Many of the device configurations shown in FIG. 2 can be realized as software of a computer.

[0050]

As described above, according to the present invention, a defect on the surface of a steel sheet is displayed by displaying an image of the surface of the steel sheet optically collected while rolling the steel sheet at a speed lower than the actual flow speed of the steel sheet. And a surface inspection apparatus capable of reliably and easily finding abnormalities.

[Brief description of the drawings]

FIG. 1 is a configuration diagram showing a first embodiment of a surface inspection apparatus according to the present invention.

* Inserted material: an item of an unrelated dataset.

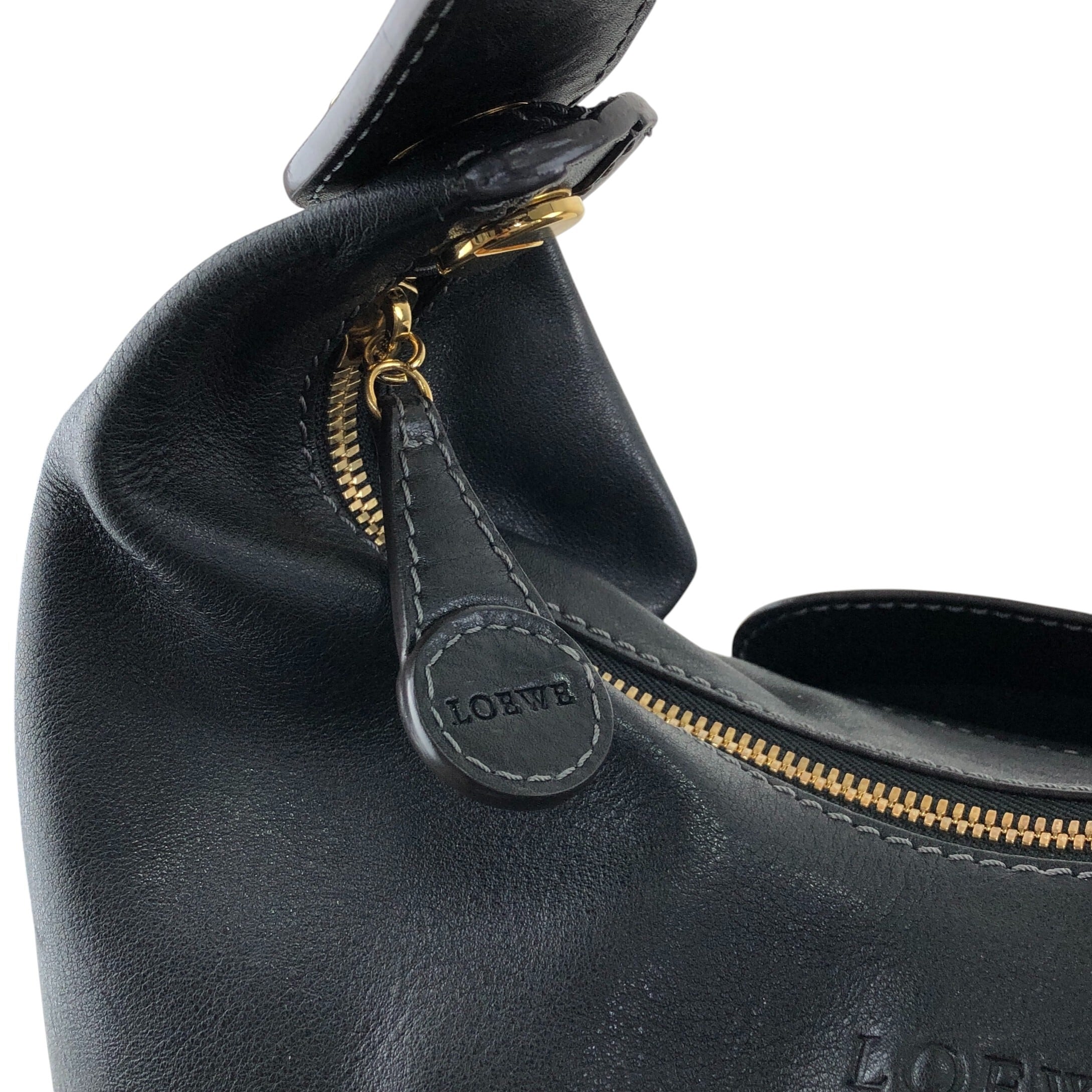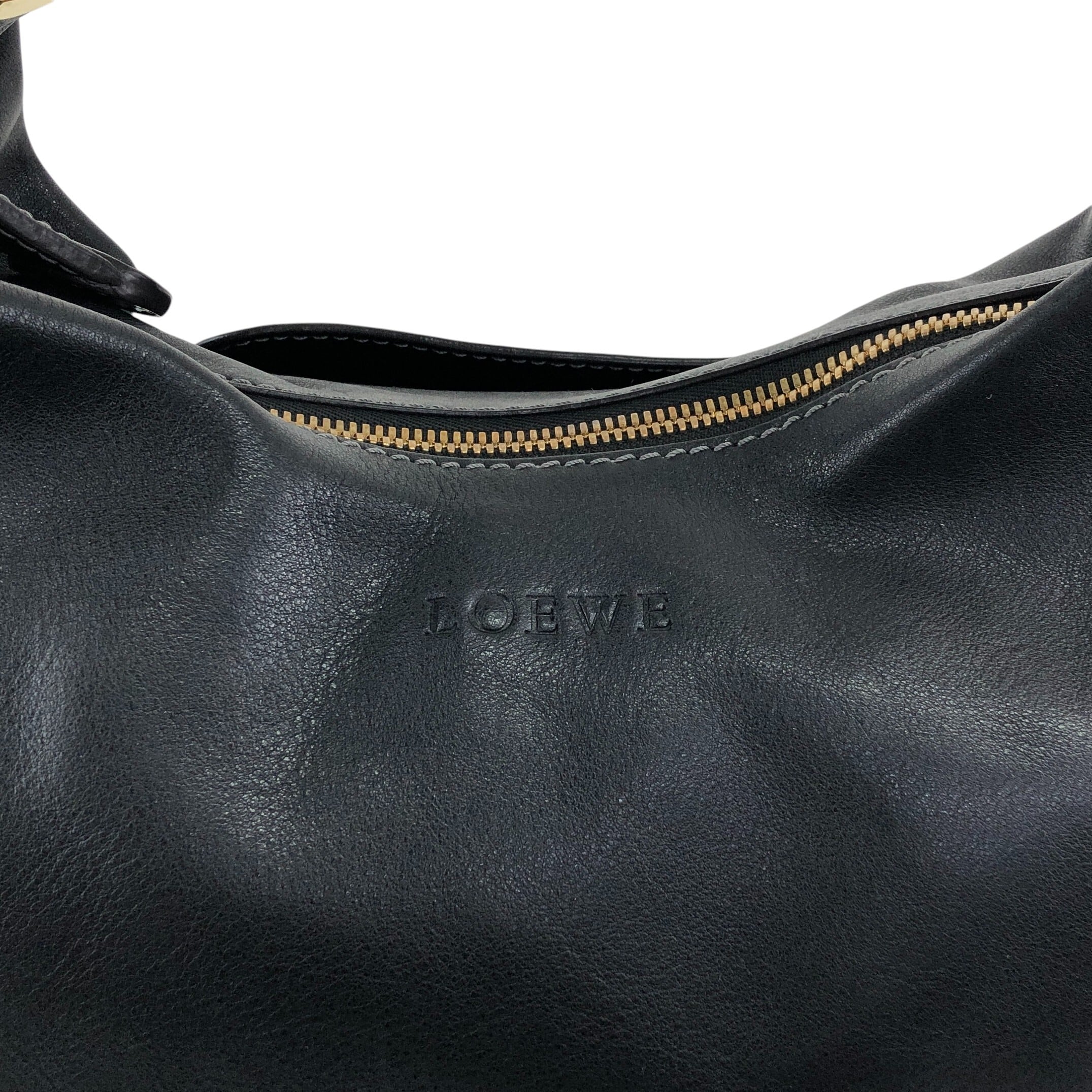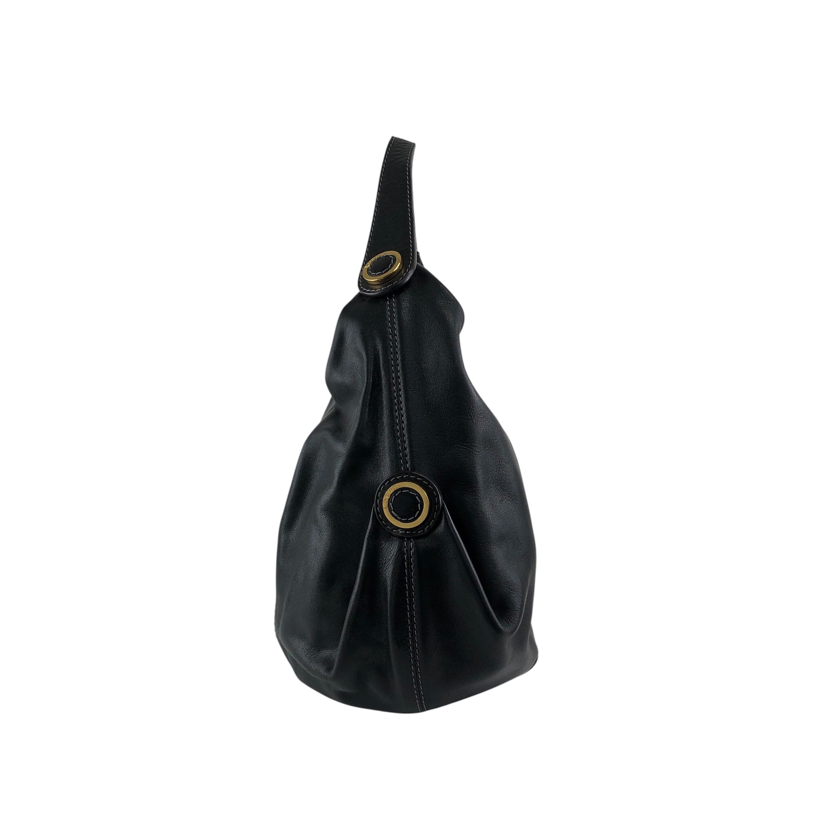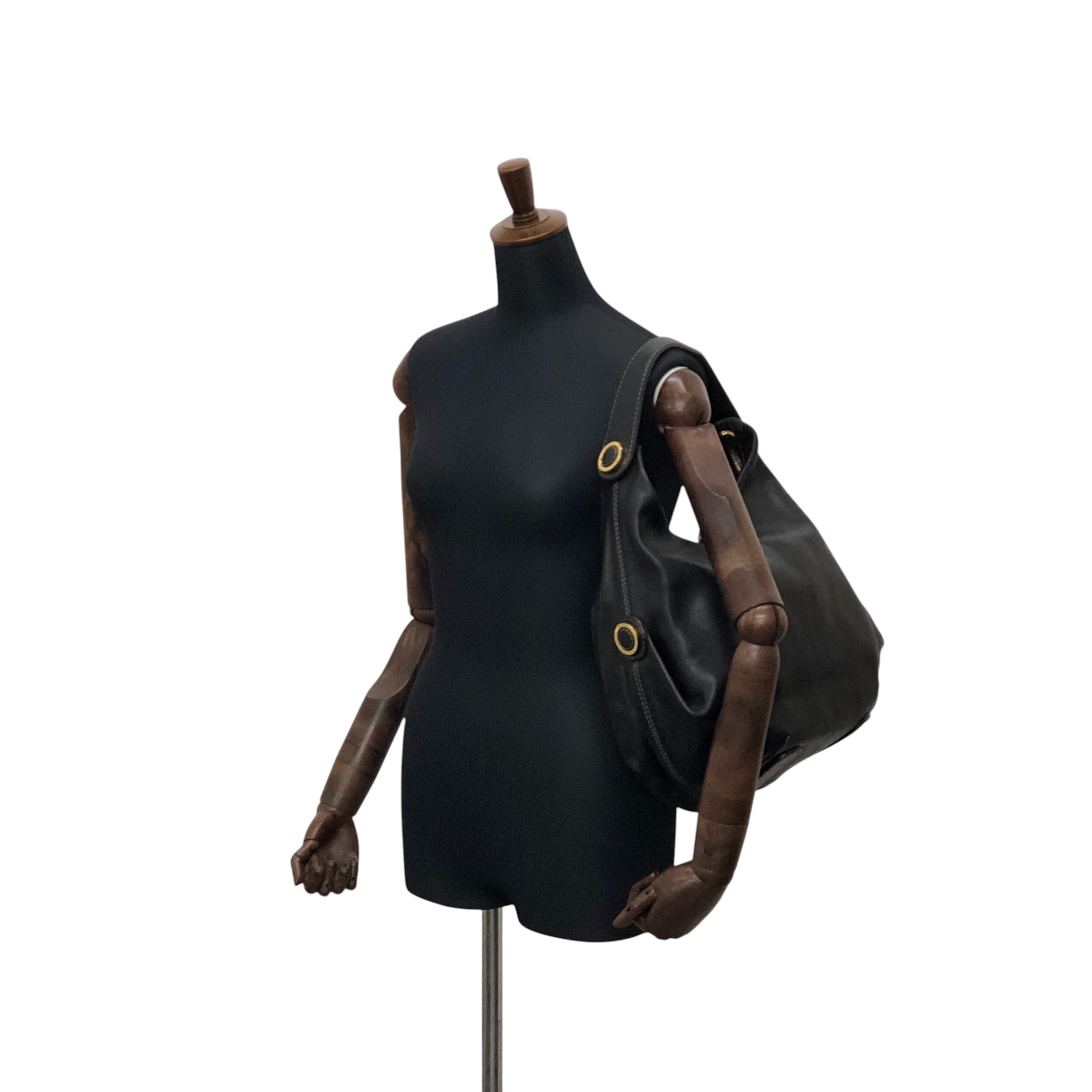 LOEWE ロエベ ショルダーバッグ ブラック ロゴ レザー ホーボーバッグ vintage ヴィンテージ オールド hyf3s5

FIG. 2 is a block diagram showing a configuration example of an image processing apparatus according to the embodiment;

FIG. 3 is a diagram showing an example of a scroll pattern processed by a scroll processing unit of the image processing apparatus.

FIG. 4 is a halftone image in which a steel sheet surface processed by the image processing apparatus according to the embodiment is displayed on a monitor.

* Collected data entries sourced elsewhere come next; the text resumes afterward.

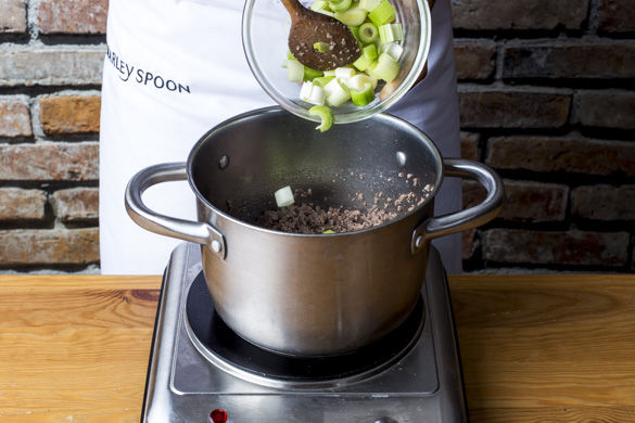 In einem großen Topf 1-2EL Pflanzenöl erhitzen und das Fleisch ca. 3-4Min. scharf anbraten, dann den Lauch hinzufügen und nochmal ca. 2-3Min. mitbraten.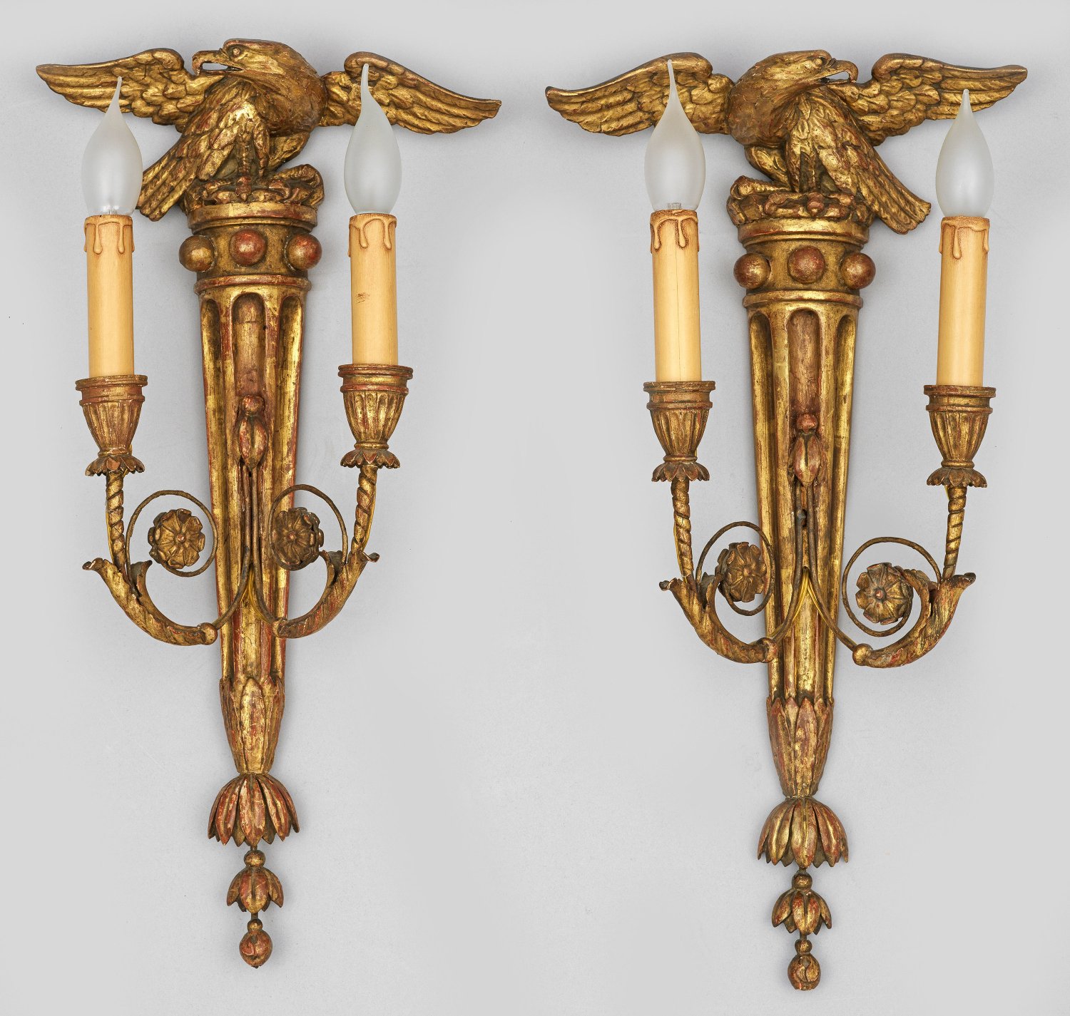 Gegenstücke. 2-flg.; Holz, reliefplastisch geschnitzt sowie Metall, stuckiert, gefasst und vergoldet. Schmales, köcherförmiges, tief kanneliertes Wandschild mit vollplastisch gestalteter Adlerbekrönung. In der Mitte davon ausgehend stark geschwungene Leuchterarme aus eingerollten Voluten mit vasenförmigen Tüllen. Nachträglich elektrifiziert. H. 57 cm.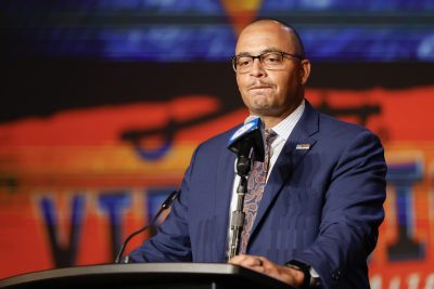 Virginia head coach Tony Elliott speaks at the 2023 ACC Kickoff in Charlotte, N.C., Wednesday, July 26, 2023. (Photo by Nell Redmond/ACC)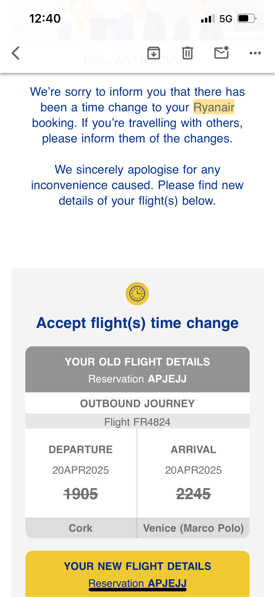 Нямам спомен дали имаше опция да откажа. Беше преди месец. Надолу в имейла продължава с новите часове на излитане и кацане.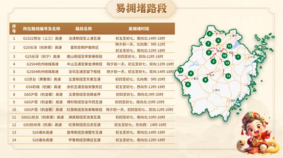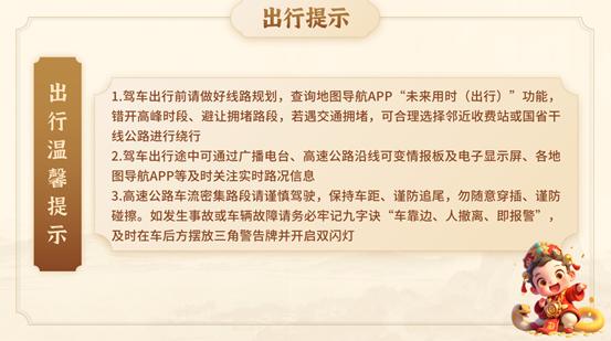 预计春节期间,路网拥堵主要集中于省际通道、大型枢纽、热门景区周边邻近收费站等,出行前请实时关注路况信息,合理选择路线,错峰出行。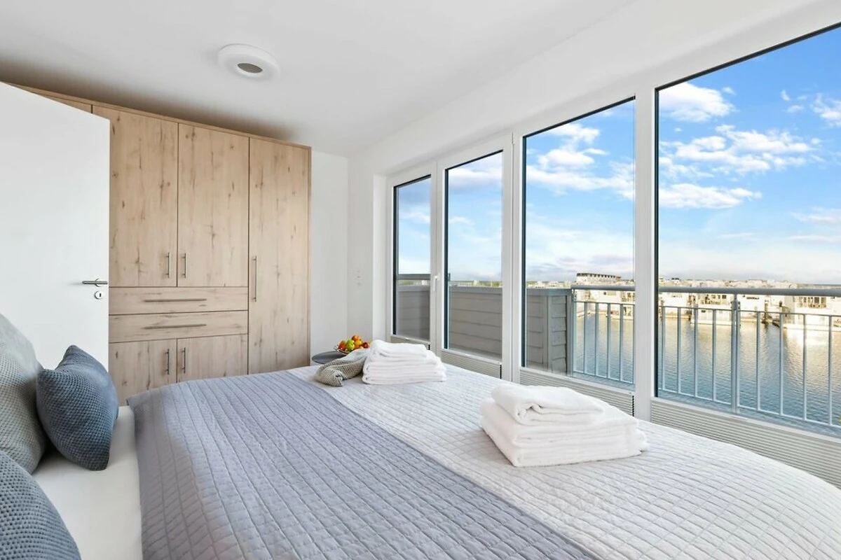 Eine Etage höher liegt das dritte Schlafzimmer, welches mit einem bequemen Schlafsofa und einem weiteren TV ausgestattet ist. Ein wunderbarer Ausblick auf den Hafen lässt einen mehr als entspannt entschlummern und auch arbeiten, denn es steht zudem ein Schreibtisch zur Verfügung.

FIG. 5 is a block diagram showing a schematic configuration of an example of a conventional surface defect inspection device.

[Explanation of symbols]

 DESCRIPTION OF SYMBOLS 1 ... Steel plate 2 ... Rolling roll of finishing mill 3 ... Table roll 4 ... Winding machine 5 ... Surface detector 6 ... Passing detector 7 ... Pulse generator 8 ... Image processing device 9 ... Display device 10 ... Alarm 81 Image signal extraction unit 82 Write processing unit 83 Image memory 84 Defect position memory 85 Scroll processing unit 86 Scale processing unit 87 Defect mark generation unit 88 Display processing unit 89 Alarm processing unit

 ────────────────────────────────────────────────── ─── Continuing on the front page (72) Inventor Yasuo Kushida 1-2-1 Marunouchi, Chiyoda-ku, Tokyo F-term (reference) 2G051 AA37 AB07 BB17 CA03 CC07 DA06 DA15 EA11 EA14 EA30 EB09 EC01 FA02 FA04 FA10

Claims (5)

[Claims] In a hot rolling process for producing a steel sheet by a hot rolling mill, a surface detector for optically detecting the surface of the steel sheet and a detection signal based on a detection signal optically detected by the surface detector. Image data of the steel sheet surface and image signal extraction means for extracting the defect and its position when there is a defect on the steel sheet surface, and the image data extracted by the image signal extraction means at a speed lower than the flow speed of the steel sheet. Scroll processing means for performing scroll processing for display; defect mark generating means for generating a mark attached to a defect position on the image data when a defect on the surface of the steel sheet is extracted by the image signal extracting means; Display processing for performing processing necessary for displaying the scrolled image data and the mark generated by the defect mark generating means and outputting the processed data to a display device A surface inspection apparatus comprising: 2. The surface inspection apparatus according to claim 1, wherein
A surface inspection apparatus, further comprising scale generation means for generating a scale indicating an image position of a steel sheet surface displayed on the display device in correspondence with image data scrolled by the scroll processing means. 3. The surface inspection apparatus according to claim 1, wherein
The defect mark generating means changes a position, a shape, or a color of a mark attached to a defective portion on the surface of the steel plate displayed on the screen of the display device according to the type or degree of the defect. apparatus. 4. The surface inspection apparatus according to claim 1, wherein
A surface inspection apparatus comprising: an alarm output unit that outputs an alarm by sound, light, or vibration when a defect on a steel sheet surface is extracted by the image signal extraction unit. 5. The surface inspection apparatus according to claim 4, wherein
A surface inspection apparatus, wherein the alarm output means changes an alarm state depending on the type or degree of the defect.